▸ **Input**
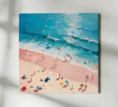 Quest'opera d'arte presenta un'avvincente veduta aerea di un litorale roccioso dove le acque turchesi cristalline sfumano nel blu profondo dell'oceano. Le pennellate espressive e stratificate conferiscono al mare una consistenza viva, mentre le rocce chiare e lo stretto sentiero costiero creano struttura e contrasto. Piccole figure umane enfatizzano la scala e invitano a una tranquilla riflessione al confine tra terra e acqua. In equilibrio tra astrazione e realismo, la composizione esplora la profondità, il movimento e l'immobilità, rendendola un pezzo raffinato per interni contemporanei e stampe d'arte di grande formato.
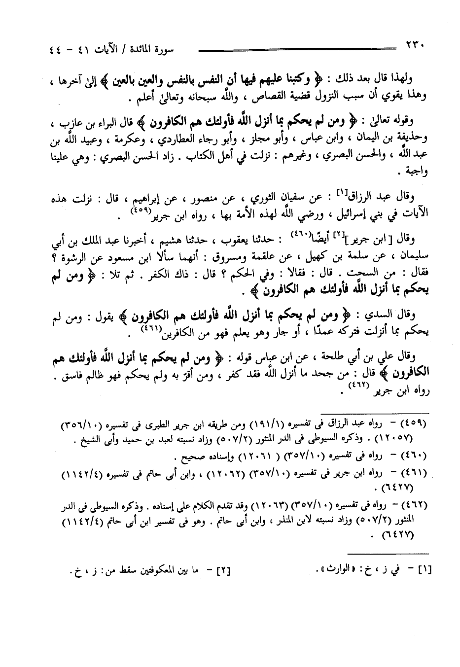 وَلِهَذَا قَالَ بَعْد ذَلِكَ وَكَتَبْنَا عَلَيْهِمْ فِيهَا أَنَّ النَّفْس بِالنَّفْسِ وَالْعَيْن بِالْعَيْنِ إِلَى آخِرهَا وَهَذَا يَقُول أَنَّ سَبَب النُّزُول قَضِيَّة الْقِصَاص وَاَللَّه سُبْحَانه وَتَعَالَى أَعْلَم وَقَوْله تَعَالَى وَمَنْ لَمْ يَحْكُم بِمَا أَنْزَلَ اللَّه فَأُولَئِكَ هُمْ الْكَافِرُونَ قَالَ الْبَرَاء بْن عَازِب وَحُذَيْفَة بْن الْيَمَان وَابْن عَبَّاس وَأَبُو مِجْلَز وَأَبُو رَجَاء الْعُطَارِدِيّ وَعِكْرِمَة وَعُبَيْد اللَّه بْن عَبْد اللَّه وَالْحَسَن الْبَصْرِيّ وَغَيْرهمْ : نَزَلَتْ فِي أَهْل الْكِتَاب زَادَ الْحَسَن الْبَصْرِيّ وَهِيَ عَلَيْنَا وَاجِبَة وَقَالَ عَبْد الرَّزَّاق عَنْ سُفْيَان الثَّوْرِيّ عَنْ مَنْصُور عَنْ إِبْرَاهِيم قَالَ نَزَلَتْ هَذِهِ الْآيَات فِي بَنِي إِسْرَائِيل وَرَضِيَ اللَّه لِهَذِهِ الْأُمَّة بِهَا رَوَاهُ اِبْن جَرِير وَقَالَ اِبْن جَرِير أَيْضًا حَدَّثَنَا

...

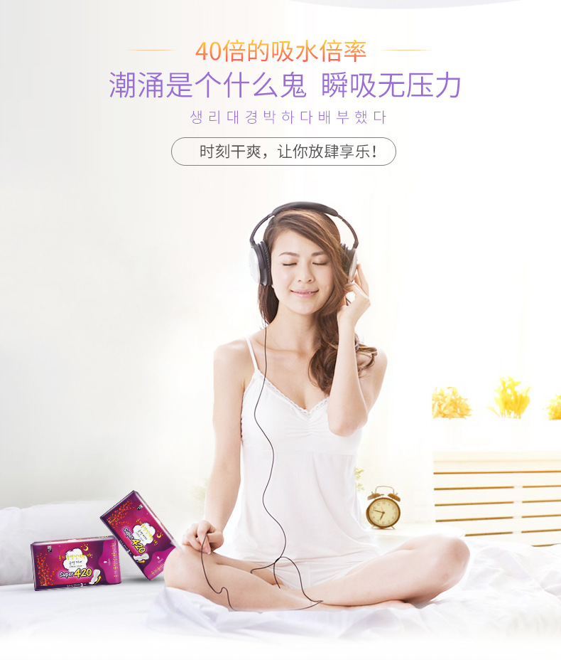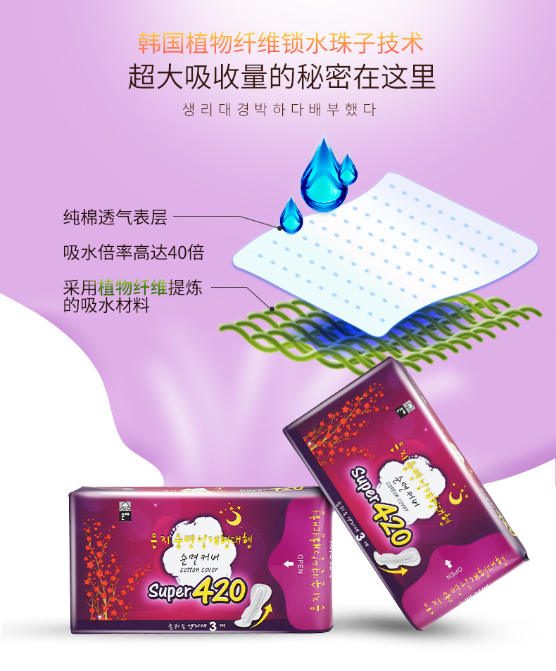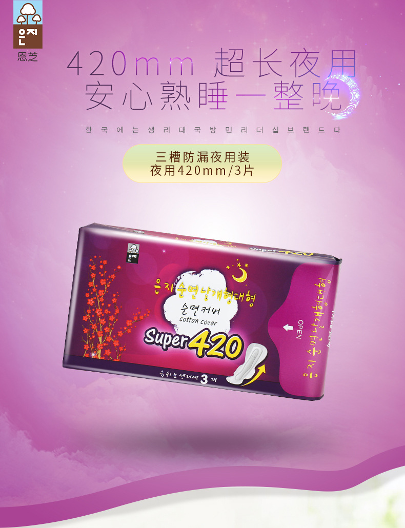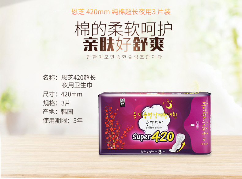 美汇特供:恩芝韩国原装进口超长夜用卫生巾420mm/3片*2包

▸ **Your task**
Print everything from the line with "Quest'opera d'arte presenta" down to the line with "وَلِهَذَا قَالَ بَعْد" in the entries above, both lines included and nothing more, without the pictures.

▸ **Answer to this exercise**
 Quest'opera d'arte presenta un'avvincente veduta aerea di un litorale roccioso dove le acque turchesi cristalline sfumano nel blu profondo dell'oceano. Le pennellate espressive e stratificate conferiscono al mare una consistenza viva, mentre le rocce chiare e lo stretto sentiero costiero creano struttura e contrasto. Piccole figure umane enfatizzano la scala e invitano a una tranquilla riflessione al confine tra terra e acqua. In equilibrio tra astrazione e realismo, la composizione esplora la profondità, il movimento e l'immobilità, rendendola un pezzo raffinato per interni contemporanei e stampe d'arte di grande formato.
 وَلِهَذَا قَالَ بَعْد ذَلِكَ وَكَتَبْنَا عَلَيْهِمْ فِيهَا أَنَّ النَّفْس بِالنَّفْسِ وَالْعَيْن بِالْعَيْنِ إِلَى آخِرهَا وَهَذَا يَقُول أَنَّ سَبَب النُّزُول قَضِيَّة الْقِصَاص وَاَللَّه سُبْحَانه وَتَعَالَى أَعْلَم وَقَوْله تَعَالَى وَمَنْ لَمْ يَحْكُم بِمَا أَنْزَلَ اللَّه فَأُولَئِكَ هُمْ الْكَافِرُونَ قَالَ الْبَرَاء بْن عَازِب وَحُذَيْفَة بْن الْيَمَان وَابْن عَبَّاس وَأَبُو مِجْلَز وَأَبُو رَجَاء الْعُطَارِدِيّ وَعِكْرِمَة وَعُبَيْد اللَّه بْن عَبْد اللَّه وَالْحَسَن الْبَصْرِيّ وَغَيْرهمْ : نَزَلَتْ فِي أَهْل الْكِتَاب زَادَ الْحَسَن الْبَصْرِيّ وَهِيَ عَلَيْنَا وَاجِبَة وَقَالَ عَبْد الرَّزَّاق عَنْ سُفْيَان الثَّوْرِيّ عَنْ مَنْصُور عَنْ إِبْرَاهِيم قَالَ نَزَلَتْ هَذِهِ الْآيَات فِي بَنِي إِسْرَائِيل وَرَضِيَ اللَّه لِهَذِهِ الْأُمَّة بِهَا رَوَاهُ اِبْن جَرِير وَقَالَ اِبْن جَرِير أَيْضًا حَدَّثَنَا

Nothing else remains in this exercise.